→ **ENTRIES SHOWN**
-=-=-=-=-

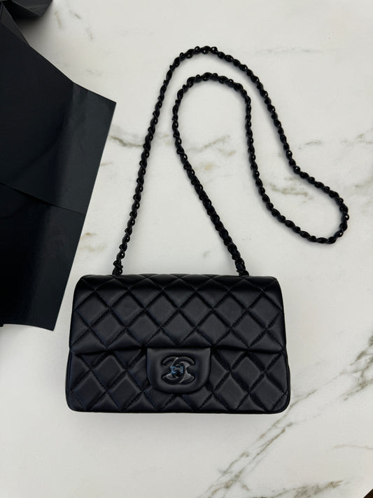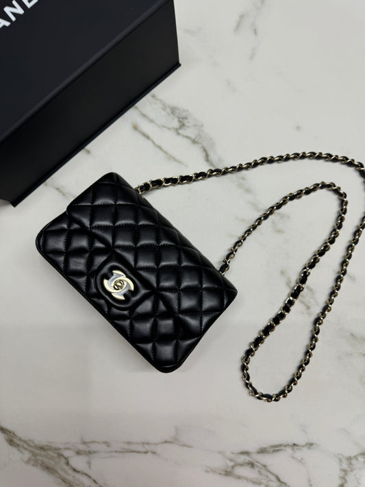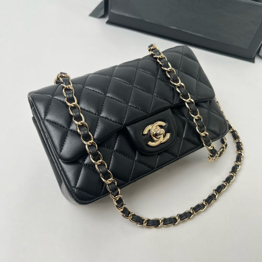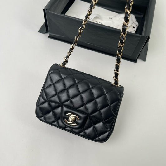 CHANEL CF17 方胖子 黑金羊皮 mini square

-=-=-=-=-

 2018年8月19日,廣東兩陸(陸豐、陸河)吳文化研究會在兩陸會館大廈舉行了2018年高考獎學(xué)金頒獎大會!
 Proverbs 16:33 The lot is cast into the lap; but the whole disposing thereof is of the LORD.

-=-=-=-=-

→ **DIRECTIONS FOR THIS TASK**
Repeat exactly the lines above from the one with "2018年8月19日,廣東兩" up to and including the one with "Proverbs 16:33 The". No other line belongs in the reply.

→ **TASK OUTPUT**
 2018年8月19日,廣東兩陸(陸豐、陸河)吳文化研究會在兩陸會館大廈舉行了2018年高考獎學(xué)金頒獎大會!
 Proverbs 16:33 The lot is cast into the lap; but the whole disposing thereof is of the LORD.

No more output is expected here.